Clarida said that with inflation returning close to target, the Fed has begun to elevate the importance it places on the employment data.

Earlier this month, Fed Chair Jerome Powell testified before Congress that the labour market was "strong but not overheated" and the US economy was no longer overheated, raising the prospects of an interest-rate cut.

In June, the US unemployment rate rose to 4.1 per cent, a two-and-a-half-year high but still historically low.

Traders are pricing in a near-certain rate cut at the Fed's September meeting, according to CME Group's FedWatch tool, which forecasts rate movements based on Fed fund futures trading data.

"A lot of people are waiting for the Fed to get in that rate cut. There's something like US$5 or $6 trillion sitting in US money market funds. It'll be a big event when it does happen," Clarida said. His firm also holds the view that the first rate cut could happen in September.

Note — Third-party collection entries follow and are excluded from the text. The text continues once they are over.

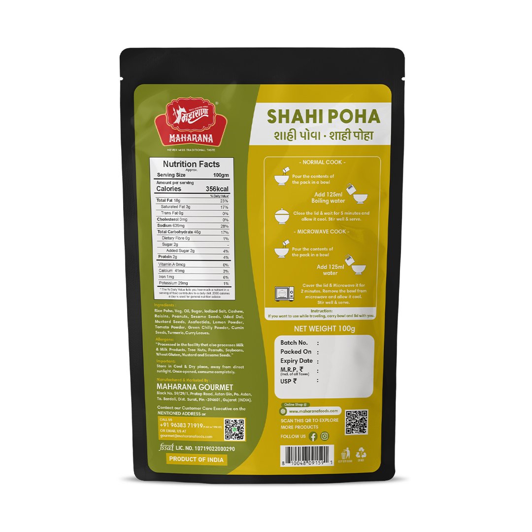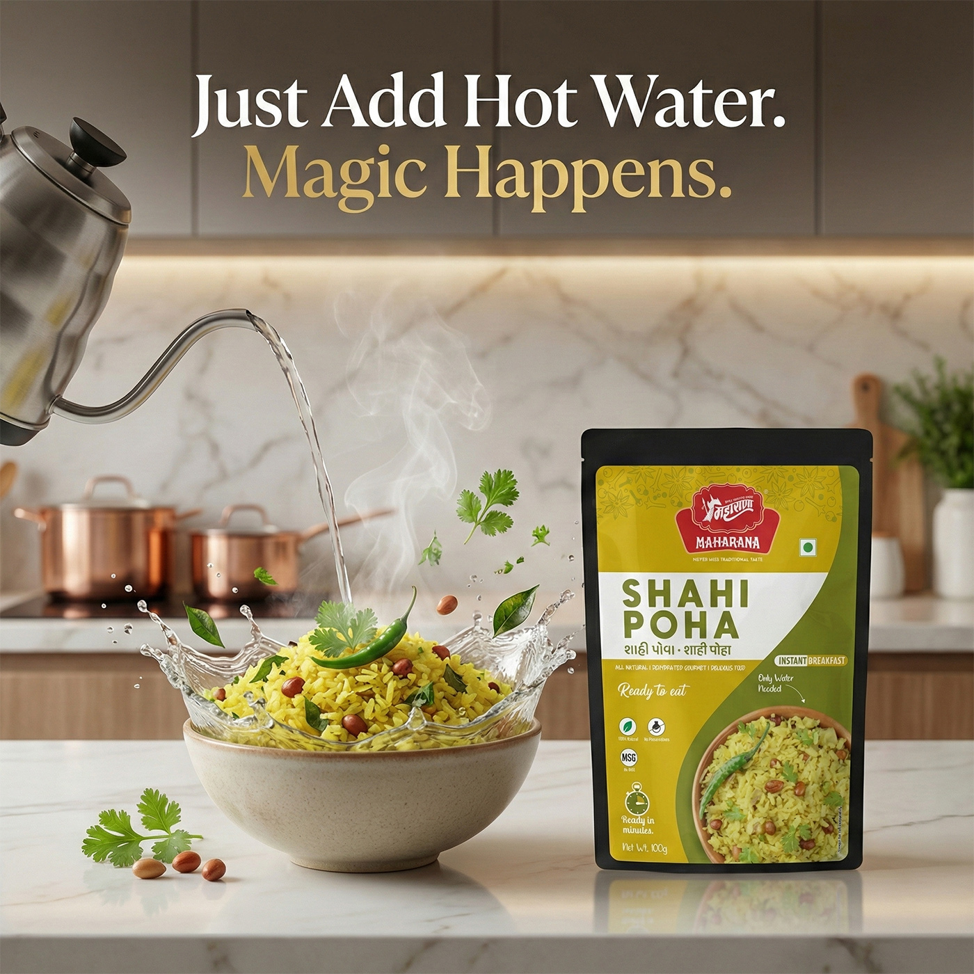 Maharana instant shahi poha is a ready-to-eat flattened rice breakfast meal inspired by traditional western indian recipes, made with natural ingredients and designed for quick preparation.
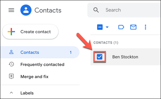 如果要选择要导出的单个联系人,请单击右侧“联系人”部分中每个条目旁边的复选框。
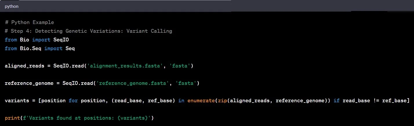 تشخیص واریانت شامل شناسایی تغییرات ژنتیکی، تفاوتهای بین خوانشهای تراز شده و ژنوم مرجع است. نمونههای رایج در تحلیل دادههای ژنومی شامل شناسایی پلیمورفیسمهای تکنوکلئوتیدی (SNP) و درجها/حذفها (indel) از طریق مقایسه خوانشهای تراز شده با ژنوم مرجع است.
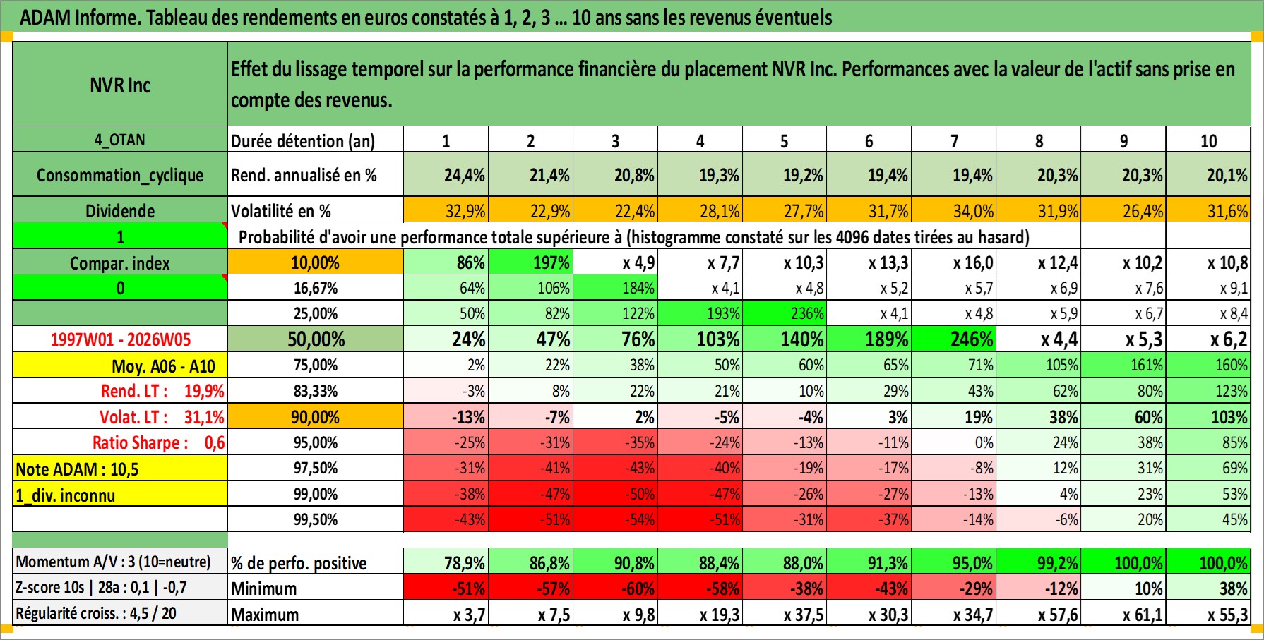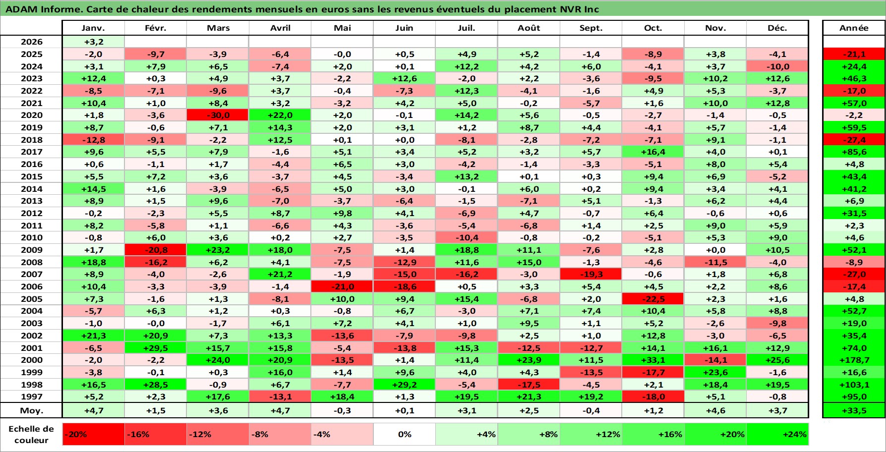 Site dédié aux investisseursPage dédiée sur site financeAnalyse des valorisations hebdomadaires de l'action NVR Inc. Cet actif est cote en USD. Les valorisations sont en contrevaleur EURO et couvrent les semaines 1997W01 a 2026W05. Les revenus de cet actif financier ne sont pas connus car non existants ou non disponibles sur le site Yahoo Finance. La note globale ESG de cet actif est estimee a 10.0 (apres rebasage entre 0 et 20).

The bond market has been deeply affected by the Fed raising interest rates 11 times between 2022 and 2023. The steep increases have delivered a "generational reset" in the starting yields of quality fixed-income investments, an indication of the total return on bond investment, Clarida said.

There is an attractive long-term outlook for fixed-income returns on a risk-adjusted basis relative to other assets, he said.

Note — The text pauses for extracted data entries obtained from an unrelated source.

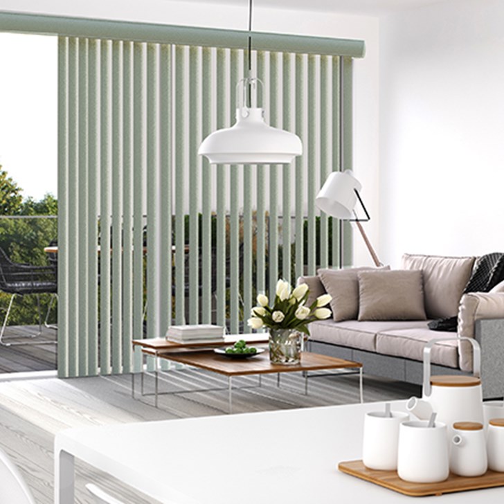 Available in a wide range of bold and neutral colors and patterns, the 3.5” wide PVC slats of our American Blinds Advantage Vinyl Vertical Blinds provides excellent light control for patio doors and large windows for an affordable price. Choose a clean, smooth finish or a designer texture for a simple, but elegant look to suit your taste. Operate your vertical vinyl blinds with a standard wand control and offer your choice of slat stacking positions for an optimal view.
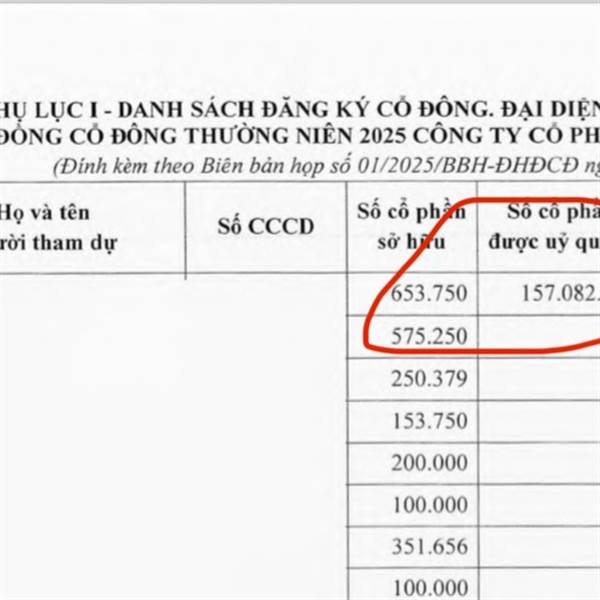 Tháng 4/2025 (ĐHCĐ thường niên 2025), số cổ phiếu đc uỷ quyền cho chủ tịch HĐQT: 157tr cổ
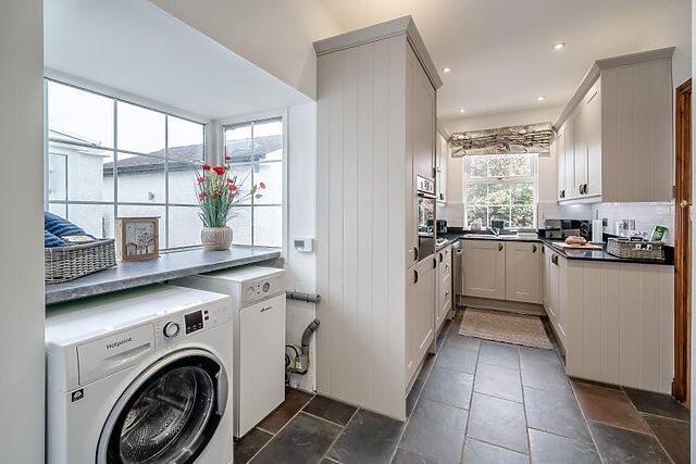 Enter via the side door, up one step, and you’ll find yourself in a smart kitchen. Head to the open-plan living/dining area and take a moment to admire its traditional exposed beams, decorated bookshelf, and cosy wood burner.

Asian investors, in particular, will benefit from a potential reduction in currency hedging costs as rates fall, Clarida added. Fed rate cuts will narrow the spread with Asian central bank rates, thereby relieving the pressure on local currencies.

"In a world where the Fed is cutting interest rates, that will tend to reduce the cost of hedging and probably over time increase the attractiveness, at least for some Asian investors, of investing in US bonds," said Clarida.

Surprises could still happen between now and December, he cautioned. Sticky inflation could halt rate cuts, the US economy could slow more sharply prompting the Fed to cut rates faster, or heightened geopolitical risks could push down bond yields.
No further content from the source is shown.